* **Instructions for the task**: Every entry should be duplicated verbatim, and no picture may appear in the copy.

[[ Extracted material, beginning ]]

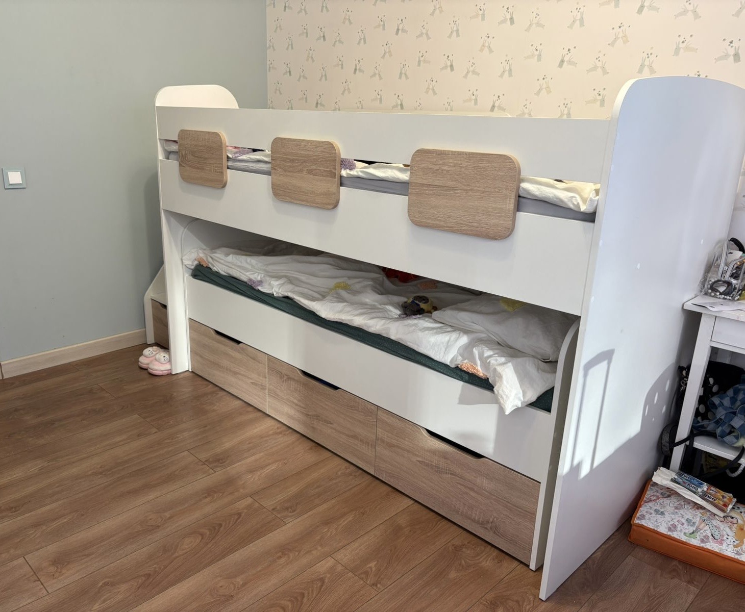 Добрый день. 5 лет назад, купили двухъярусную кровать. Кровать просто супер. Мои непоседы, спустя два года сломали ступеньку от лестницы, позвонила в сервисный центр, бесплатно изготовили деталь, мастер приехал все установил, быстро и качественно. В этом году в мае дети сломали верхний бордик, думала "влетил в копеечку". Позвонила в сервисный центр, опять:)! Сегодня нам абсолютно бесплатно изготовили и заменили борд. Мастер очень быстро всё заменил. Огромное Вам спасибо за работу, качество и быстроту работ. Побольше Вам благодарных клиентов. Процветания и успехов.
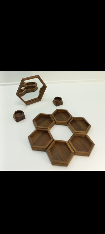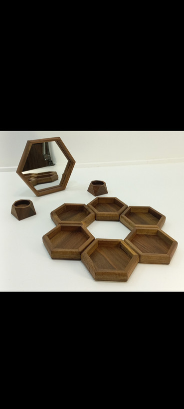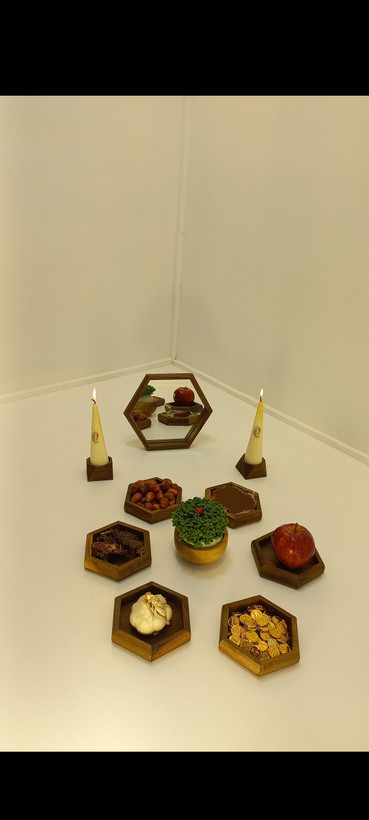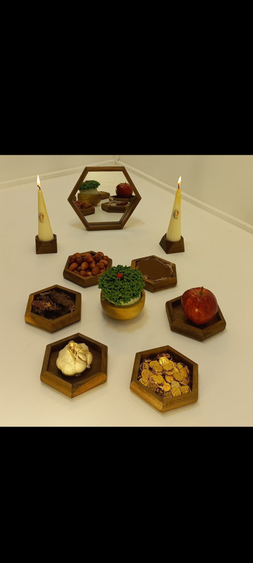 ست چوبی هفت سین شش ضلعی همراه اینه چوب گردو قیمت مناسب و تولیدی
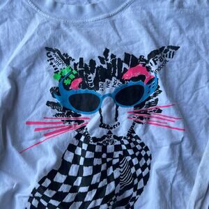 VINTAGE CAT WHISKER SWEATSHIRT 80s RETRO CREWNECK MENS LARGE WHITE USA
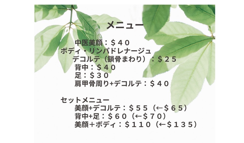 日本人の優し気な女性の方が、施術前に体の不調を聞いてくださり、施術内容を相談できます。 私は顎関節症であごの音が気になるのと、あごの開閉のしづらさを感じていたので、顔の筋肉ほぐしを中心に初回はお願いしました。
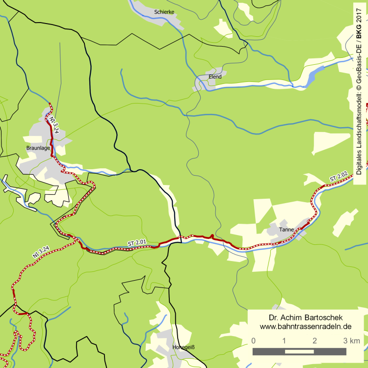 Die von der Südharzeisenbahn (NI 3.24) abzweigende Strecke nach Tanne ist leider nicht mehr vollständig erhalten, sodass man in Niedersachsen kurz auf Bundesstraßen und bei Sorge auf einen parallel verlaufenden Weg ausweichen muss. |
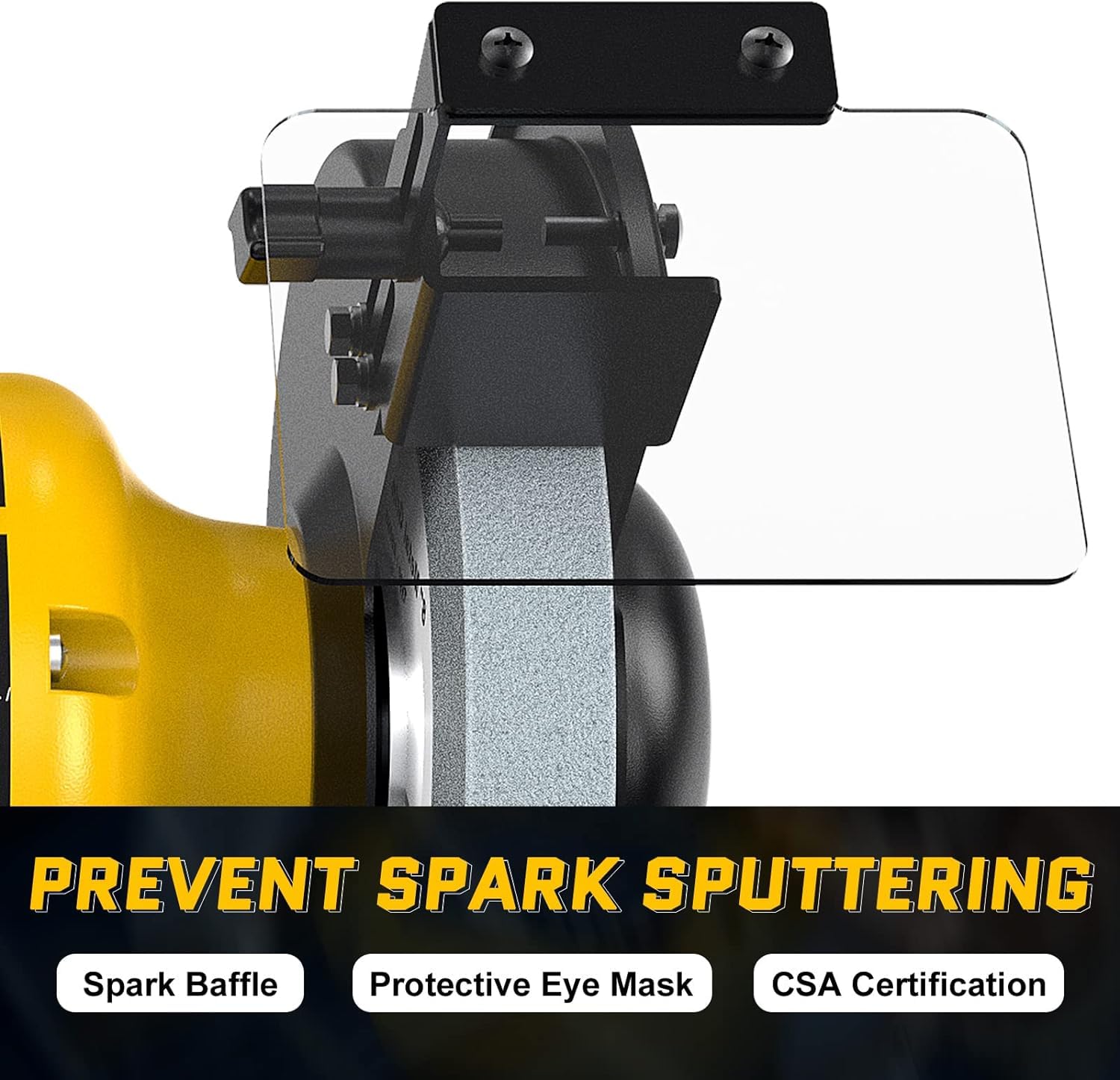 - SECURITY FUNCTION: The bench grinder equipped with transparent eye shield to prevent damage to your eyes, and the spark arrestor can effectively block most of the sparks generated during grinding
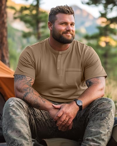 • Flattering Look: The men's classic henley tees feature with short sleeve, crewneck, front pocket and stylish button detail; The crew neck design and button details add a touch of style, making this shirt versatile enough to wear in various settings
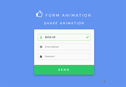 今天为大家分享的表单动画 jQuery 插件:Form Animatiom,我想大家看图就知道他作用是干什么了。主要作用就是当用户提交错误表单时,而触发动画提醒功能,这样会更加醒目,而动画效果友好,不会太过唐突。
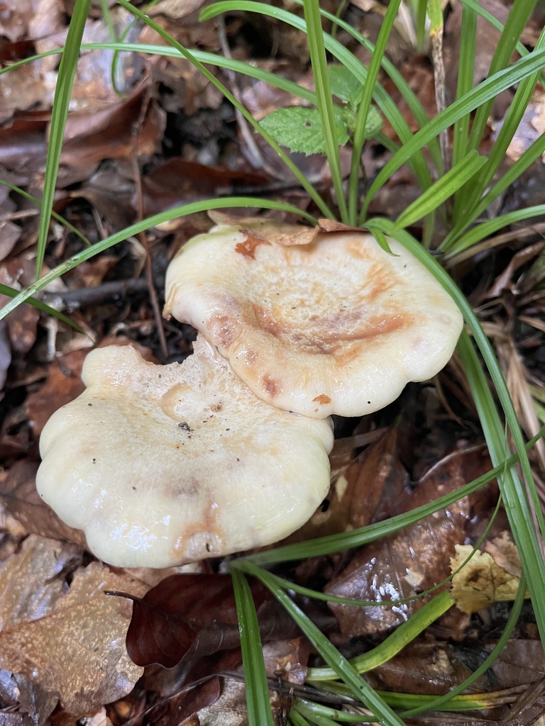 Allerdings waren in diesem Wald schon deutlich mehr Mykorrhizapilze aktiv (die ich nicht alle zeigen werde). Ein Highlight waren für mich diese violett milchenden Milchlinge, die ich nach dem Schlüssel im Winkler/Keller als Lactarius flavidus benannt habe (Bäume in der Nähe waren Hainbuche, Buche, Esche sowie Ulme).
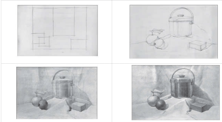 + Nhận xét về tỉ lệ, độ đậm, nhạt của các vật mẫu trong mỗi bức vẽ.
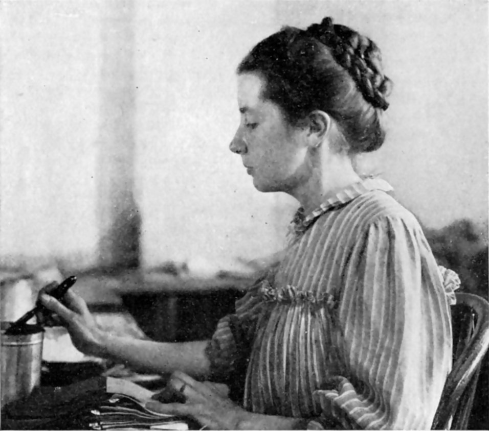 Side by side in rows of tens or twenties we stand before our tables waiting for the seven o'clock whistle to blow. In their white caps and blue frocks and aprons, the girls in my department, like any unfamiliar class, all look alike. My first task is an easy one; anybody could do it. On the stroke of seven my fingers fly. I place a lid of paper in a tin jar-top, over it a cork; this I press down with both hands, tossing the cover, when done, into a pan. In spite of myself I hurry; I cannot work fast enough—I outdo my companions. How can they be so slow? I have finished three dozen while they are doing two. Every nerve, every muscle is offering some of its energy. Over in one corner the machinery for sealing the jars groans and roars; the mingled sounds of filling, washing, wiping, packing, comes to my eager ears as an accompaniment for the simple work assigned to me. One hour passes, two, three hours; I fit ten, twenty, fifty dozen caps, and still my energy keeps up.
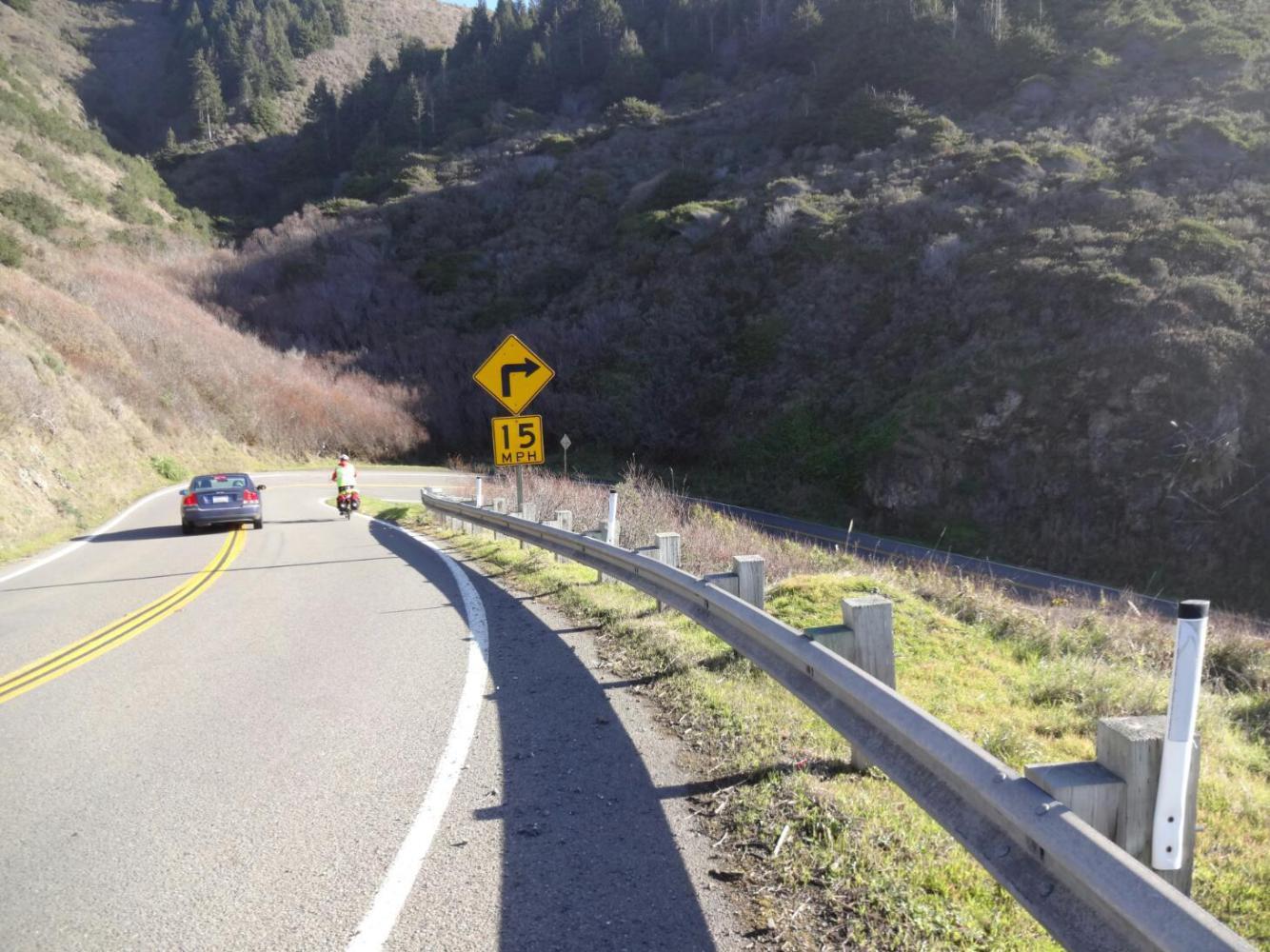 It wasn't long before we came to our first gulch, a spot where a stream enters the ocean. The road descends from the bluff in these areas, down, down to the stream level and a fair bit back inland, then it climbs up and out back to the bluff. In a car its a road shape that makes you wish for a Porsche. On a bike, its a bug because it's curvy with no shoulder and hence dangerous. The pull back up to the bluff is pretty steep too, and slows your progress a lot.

[[ Extracted material, end ]]

* **Output of the task**:
 Добрый день. 5 лет назад, купили двухъярусную кровать. Кровать просто супер. Мои непоседы, спустя два года сломали ступеньку от лестницы, позвонила в сервисный центр, бесплатно изготовили деталь, мастер приехал все установил, быстро и качественно. В этом году в мае дети сломали верхний бордик, думала "влетил в копеечку". Позвонила в сервисный центр, опять:)! Сегодня нам абсолютно бесплатно изготовили и заменили борд. Мастер очень быстро всё заменил. Огромное Вам спасибо за работу, качество и быстроту работ. Побольше Вам благодарных клиентов. Процветания и успехов.
 ست چوبی هفت سین شش ضلعی همراه اینه چوب گردو قیمت مناسب و تولیدی
 VINTAGE CAT WHISKER SWEATSHIRT 80s RETRO CREWNECK MENS LARGE WHITE USA
 日本人の優し気な女性の方が、施術前に体の不調を聞いてくださり、施術内容を相談できます。 私は顎関節症であごの音が気になるのと、あごの開閉のしづらさを感じていたので、顔の筋肉ほぐしを中心に初回はお願いしました。
 Die von der Südharzeisenbahn (NI 3.24) abzweigende Strecke nach Tanne ist leider nicht mehr vollständig erhalten, sodass man in Niedersachsen kurz auf Bundesstraßen und bei Sorge auf einen parallel verlaufenden Weg ausweichen muss. |
 - SECURITY FUNCTION: The bench grinder equipped with transparent eye shield to prevent damage to your eyes, and the spark arrestor can effectively block most of the sparks generated during grinding
 • Flattering Look: The men's classic henley tees feature with short sleeve, crewneck, front pocket and stylish button detail; The crew neck design and button details add a touch of style, making this shirt versatile enough to wear in various settings
 今天为大家分享的表单动画 jQuery 插件:Form Animatiom,我想大家看图就知道他作用是干什么了。主要作用就是当用户提交错误表单时,而触发动画提醒功能,这样会更加醒目,而动画效果友好,不会太过唐突。
 Allerdings waren in diesem Wald schon deutlich mehr Mykorrhizapilze aktiv (die ich nicht alle zeigen werde). Ein Highlight waren für mich diese violett milchenden Milchlinge, die ich nach dem Schlüssel im Winkler/Keller als Lactarius flavidus benannt habe (Bäume in der Nähe waren Hainbuche, Buche, Esche sowie Ulme).
 + Nhận xét về tỉ lệ, độ đậm, nhạt của các vật mẫu trong mỗi bức vẽ.
 Side by side in rows of tens or twenties we stand before our tables waiting for the seven o'clock whistle to blow. In their white caps and blue frocks and aprons, the girls in my department, like any unfamiliar class, all look alike. My first task is an easy one; anybody could do it. On the stroke of seven my fingers fly. I place a lid of paper in a tin jar-top, over it a cork; this I press down with both hands, tossing the cover, when done, into a pan. In spite of myself I hurry; I cannot work fast enough—I outdo my companions. How can they be so slow? I have finished three dozen while they are doing two. Every nerve, every muscle is offering some of its energy. Over in one corner the machinery for sealing the jars groans and roars; the mingled sounds of filling, washing, wiping, packing, comes to my eager ears as an accompaniment for the simple work assigned to me. One hour passes, two, three hours; I fit ten, twenty, fifty dozen caps, and still my energy keeps up.
 It wasn't long before we came to our first gulch, a spot where a stream enters the ocean. The road descends from the bluff in these areas, down, down to the stream level and a fair bit back inland, then it climbs up and out back to the bluff. In a car its a road shape that makes you wish for a Porsche. On a bike, its a bug because it's curvy with no shoulder and hence dangerous. The pull back up to the bluff is pretty steep too, and slows your progress a lot.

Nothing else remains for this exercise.